Minister for Finance, Services and Property Dominic Perrottet and Minister for Innovation and Better Regulation Victor Dominello revealed on Tuesday that Mr Rees will take on the new role, which reports into NSW Department of Finance, Services and Innovation Secretary Martin Hoffman, another high-profile senior executive defector from private industry to public servitude.
On top of the kudos of being able to poach some bank talent, Mr Ree’s appointment creates a powerful new dual-function function role at the top of the Baird Government’s tech tribe – which has so-far enjoyed considerable success in transforming public facing government services through rapidly enabling online transactions and a relentless focus on improving user experiences.
Under the new oversight structure revealed by Ministers Perrottet and Dominello, Mr Rees gets the title of “Government Chief Information & Digital Officer” (GCIDO), a job description that fuses together supervision of the government’s technology front and back ends.
The previous Labor government had attempted to get some tangible cohesion over technology purchasing and use via the creation of a whole-of-government Chief Information Officer, a move that faltered amid the rapid succession of ministers and premiers in its final term.
What’s changed significantly in the awkwardly conjoined CDO/CIO title is that larger projects – the kind that have collectively blown-up billions of dollars between them across Australia’s states – will now have to run through Mr Ree’s office before getting a green light.
“The GCIDO will be the senior technology role within NSW Government, reporting to the Secretary of the Department of Finance, Services and Innovation,” the statement from Mr Perrottet and Mr Dominello said.
“Individual agencies will retain Chief Information Officers but all major ICT projects across government departments will require approval and oversight by the GCIDO.”

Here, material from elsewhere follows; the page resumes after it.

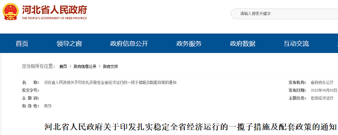 為(wei)落(luo)實(shi)全(quan)國(guo)穩(wen)住(zhu)經(jing)濟(ji)大(da)盤(pan)電(dian)視(shi)電(dian)話(hua)會(hui)議(yi)精(jing)神(shen)和(he)國(guo)務(wu)院(yuan)紮(zha)實(shi)穩(wen)住(zhu)經(jing)濟(ji)的(de)一(yi)攬(lan)子(zi)政(zheng)策(ce)措(cuo)施(shi),河(he)北(bei)省(sheng)製(zhi)定(ding)了(le)紮(zha)實(shi)穩(wen)定(ding)全(quan)省(sheng)經(jing)濟(ji)運(yun)行(xing)的(de)一(yi)攬(lan)子(zi)措(cuo)施(shi)及(ji)20個配套政策。近日,河北省人民政府網站發布《關於印發紮實穩定全省經濟運行的一攬子措施及配套政策的通知》,共包含1個總文件和20個配套文件。
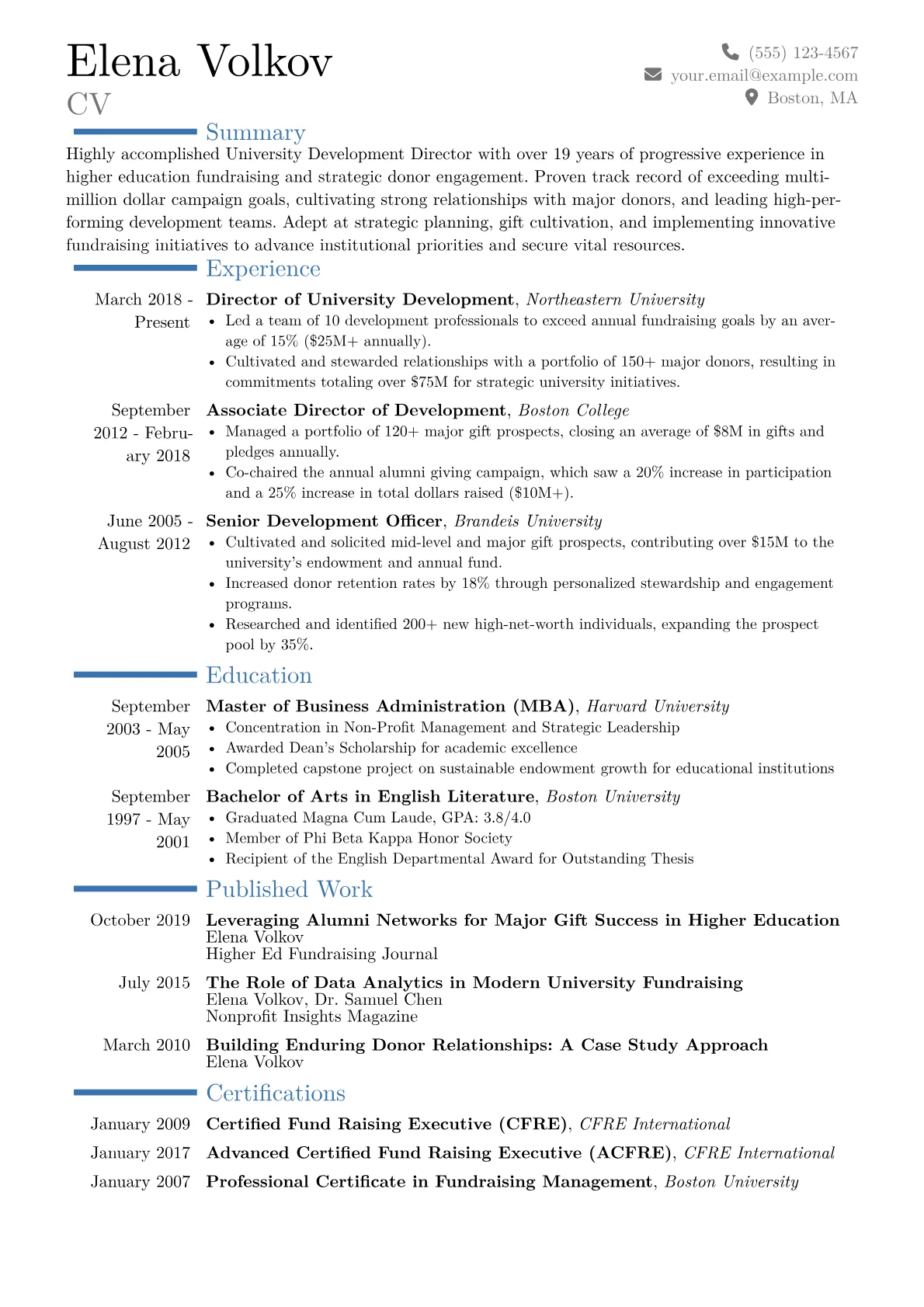 This example CV effectively highlights a director's strategic impact by quantifying all achievements. It details leadership in securing multi-million dollar philanthropic support and exceeding campaign targets, rather than simply listing duties. Skills are logically grouped into categories like "Fundraising Strategy," "Donor Relations," and "Team Leadership," making complex competencies easy to grasp. The inclusion of relevant certifications like CFRE and proficiency with industry-standard CRMs such as Raiser's Edge further strengthens the candidate's executive profile, showcasing both strategic vision and operational command.

The state added that Mr Rees’ role “will also entail oversight of major government ICT projects, ensuring they are delivered on time, on budget, and deliver benefits for agencies and citizens.”

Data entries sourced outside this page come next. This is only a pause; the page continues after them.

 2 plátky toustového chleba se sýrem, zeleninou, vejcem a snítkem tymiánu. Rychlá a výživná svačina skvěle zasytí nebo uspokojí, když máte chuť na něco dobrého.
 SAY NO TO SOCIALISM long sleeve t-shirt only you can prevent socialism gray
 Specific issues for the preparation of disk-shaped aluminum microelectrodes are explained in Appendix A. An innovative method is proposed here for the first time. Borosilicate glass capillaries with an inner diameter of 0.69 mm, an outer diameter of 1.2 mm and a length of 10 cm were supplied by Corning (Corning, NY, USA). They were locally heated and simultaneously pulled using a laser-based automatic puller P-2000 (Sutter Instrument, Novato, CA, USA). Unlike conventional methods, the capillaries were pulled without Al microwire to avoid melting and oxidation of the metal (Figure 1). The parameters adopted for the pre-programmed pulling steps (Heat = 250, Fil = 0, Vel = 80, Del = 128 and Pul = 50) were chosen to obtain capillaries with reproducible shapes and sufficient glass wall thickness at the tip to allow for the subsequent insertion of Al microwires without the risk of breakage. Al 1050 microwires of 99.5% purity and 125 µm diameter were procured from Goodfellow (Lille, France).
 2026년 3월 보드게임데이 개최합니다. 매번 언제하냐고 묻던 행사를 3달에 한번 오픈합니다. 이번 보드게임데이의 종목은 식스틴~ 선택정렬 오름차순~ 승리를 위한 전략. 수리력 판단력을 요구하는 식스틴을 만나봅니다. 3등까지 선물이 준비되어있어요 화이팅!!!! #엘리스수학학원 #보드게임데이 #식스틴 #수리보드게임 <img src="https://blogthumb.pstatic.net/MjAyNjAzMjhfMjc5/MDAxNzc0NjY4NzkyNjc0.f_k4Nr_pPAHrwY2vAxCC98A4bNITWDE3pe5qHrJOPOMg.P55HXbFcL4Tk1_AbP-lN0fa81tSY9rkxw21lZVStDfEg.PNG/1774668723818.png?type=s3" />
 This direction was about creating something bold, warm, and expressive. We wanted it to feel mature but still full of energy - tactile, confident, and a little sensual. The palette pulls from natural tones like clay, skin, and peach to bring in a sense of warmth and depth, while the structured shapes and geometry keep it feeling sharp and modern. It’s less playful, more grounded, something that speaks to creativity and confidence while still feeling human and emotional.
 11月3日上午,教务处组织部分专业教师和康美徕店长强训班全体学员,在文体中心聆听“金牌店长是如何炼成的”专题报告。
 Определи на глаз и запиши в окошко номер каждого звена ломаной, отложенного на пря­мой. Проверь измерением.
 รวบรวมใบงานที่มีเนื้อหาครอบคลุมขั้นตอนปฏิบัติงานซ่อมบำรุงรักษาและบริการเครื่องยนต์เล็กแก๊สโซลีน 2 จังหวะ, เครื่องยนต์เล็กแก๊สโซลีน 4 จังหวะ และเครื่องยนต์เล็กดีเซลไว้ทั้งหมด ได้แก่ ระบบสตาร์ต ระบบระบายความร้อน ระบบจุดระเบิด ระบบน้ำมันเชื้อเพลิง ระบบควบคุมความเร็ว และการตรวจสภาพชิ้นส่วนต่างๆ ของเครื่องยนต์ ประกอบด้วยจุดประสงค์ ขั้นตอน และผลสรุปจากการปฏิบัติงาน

The strength of that statement indicates that the Baird government is becoming markedly less tolerant of larger scale systems overhauls and projects involving global tech vendors that frequently run over time and budget.

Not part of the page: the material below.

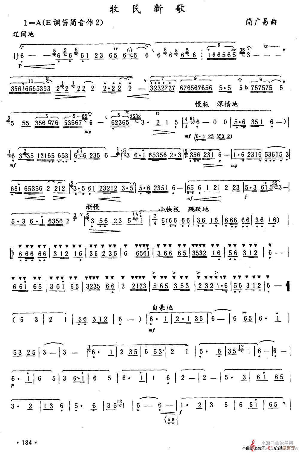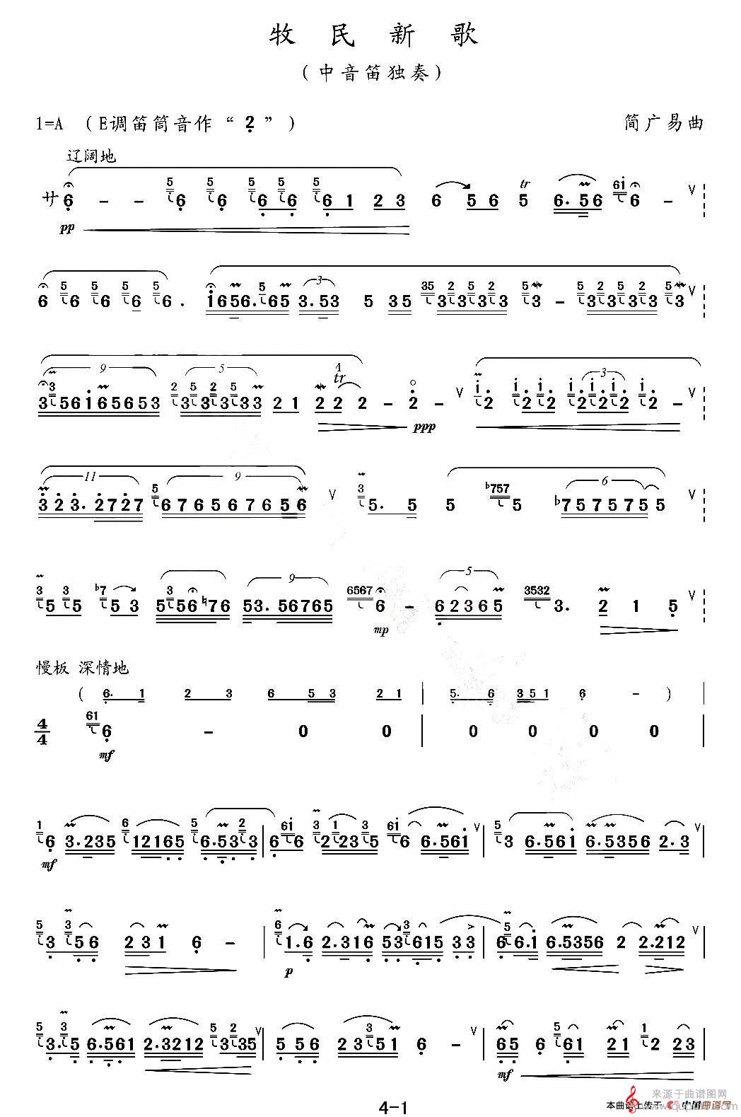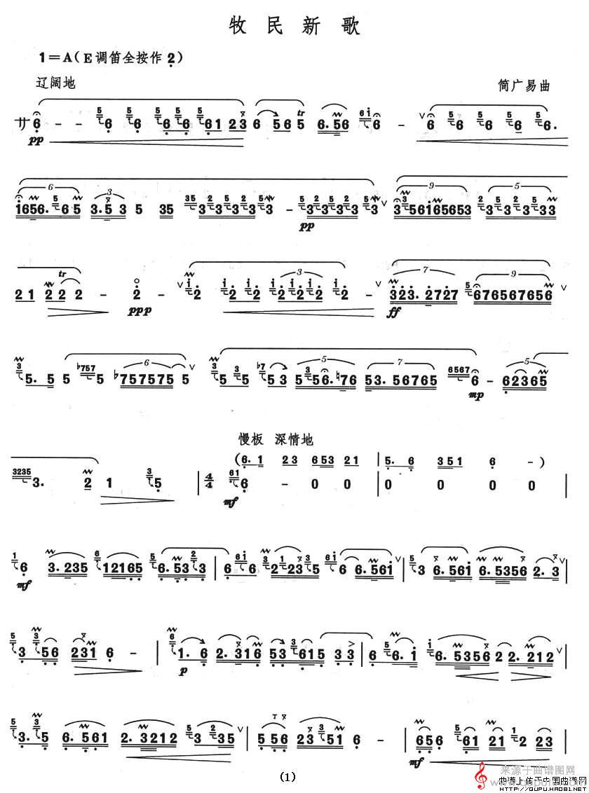 牧民新歌曲谱(牧民新歌中音笛独奏简谱)

It is understood that part of the approach the Baird government is keen on is the application of private sector performance management of suppliers, particularly the sharing of project risk, so that it pays for successful outcomes rather than the number of lines of code or hours worked.
Also expected is a crackdown on the purchasing and deployment of overly proprietary systems that later create incompatibilities when they need to work together across multiple organisations.
Mr Dominello specifically called out the need to “ensure better integration across departments and agencies.”
Mr Rees starts as GCIDO role from 30th May. Aside from leading Macquarie’s tech efforts, he has held positions as the Chief Technology Officer and interim Chief Information Officer at Woolworths, and as Westpac’s Head of Integrated Delivery.